» **Collected material**
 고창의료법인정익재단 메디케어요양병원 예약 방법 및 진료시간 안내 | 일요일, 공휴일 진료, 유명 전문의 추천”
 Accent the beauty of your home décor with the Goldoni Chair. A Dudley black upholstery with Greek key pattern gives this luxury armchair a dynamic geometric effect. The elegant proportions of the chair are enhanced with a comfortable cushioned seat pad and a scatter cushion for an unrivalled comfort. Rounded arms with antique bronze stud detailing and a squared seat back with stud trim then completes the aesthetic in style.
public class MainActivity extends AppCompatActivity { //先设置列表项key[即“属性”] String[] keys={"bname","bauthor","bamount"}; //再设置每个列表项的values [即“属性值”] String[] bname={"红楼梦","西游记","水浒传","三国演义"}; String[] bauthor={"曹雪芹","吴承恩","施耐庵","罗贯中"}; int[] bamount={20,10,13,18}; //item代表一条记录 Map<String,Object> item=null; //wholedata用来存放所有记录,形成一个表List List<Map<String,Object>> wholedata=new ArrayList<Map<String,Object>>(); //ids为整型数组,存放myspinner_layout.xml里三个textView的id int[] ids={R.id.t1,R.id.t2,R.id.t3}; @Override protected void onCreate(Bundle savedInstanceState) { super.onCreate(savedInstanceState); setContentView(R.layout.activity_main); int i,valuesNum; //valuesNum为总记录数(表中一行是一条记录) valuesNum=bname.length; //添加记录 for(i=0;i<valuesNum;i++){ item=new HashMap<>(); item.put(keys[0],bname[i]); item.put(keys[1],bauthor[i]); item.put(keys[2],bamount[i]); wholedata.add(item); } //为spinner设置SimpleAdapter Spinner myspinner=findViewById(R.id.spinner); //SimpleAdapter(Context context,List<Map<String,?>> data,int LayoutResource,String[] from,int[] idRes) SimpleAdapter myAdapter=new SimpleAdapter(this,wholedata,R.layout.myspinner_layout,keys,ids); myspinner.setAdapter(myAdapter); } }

» **Task objective**
Transcribe all of the material without omitting a line.

» **Exercise response**
 고창의료법인정익재단 메디케어요양병원 예약 방법 및 진료시간 안내 | 일요일, 공휴일 진료, 유명 전문의 추천”
 Accent the beauty of your home décor with the Goldoni Chair. A Dudley black upholstery with Greek key pattern gives this luxury armchair a dynamic geometric effect. The elegant proportions of the chair are enhanced with a comfortable cushioned seat pad and a scatter cushion for an unrivalled comfort. Rounded arms with antique bronze stud detailing and a squared seat back with stud trim then completes the aesthetic in style.
public class MainActivity extends AppCompatActivity { //先设置列表项key[即“属性”] String[] keys={"bname","bauthor","bamount"}; //再设置每个列表项的values [即“属性值”] String[] bname={"红楼梦","西游记","水浒传","三国演义"}; String[] bauthor={"曹雪芹","吴承恩","施耐庵","罗贯中"}; int[] bamount={20,10,13,18}; //item代表一条记录 Map<String,Object> item=null; //wholedata用来存放所有记录,形成一个表List List<Map<String,Object>> wholedata=new ArrayList<Map<String,Object>>(); //ids为整型数组,存放myspinner_layout.xml里三个textView的id int[] ids={R.id.t1,R.id.t2,R.id.t3}; @Override protected void onCreate(Bundle savedInstanceState) { super.onCreate(savedInstanceState); setContentView(R.layout.activity_main); int i,valuesNum; //valuesNum为总记录数(表中一行是一条记录) valuesNum=bname.length; //添加记录 for(i=0;i<valuesNum;i++){ item=new HashMap<>(); item.put(keys[0],bname[i]); item.put(keys[1],bauthor[i]); item.put(keys[2],bamount[i]); wholedata.add(item); } //为spinner设置SimpleAdapter Spinner myspinner=findViewById(R.id.spinner); //SimpleAdapter(Context context,List<Map<String,?>> data,int LayoutResource,String[] from,int[] idRes) SimpleAdapter myAdapter=new SimpleAdapter(this,wholedata,R.layout.myspinner_layout,keys,ids); myspinner.setAdapter(myAdapter); } }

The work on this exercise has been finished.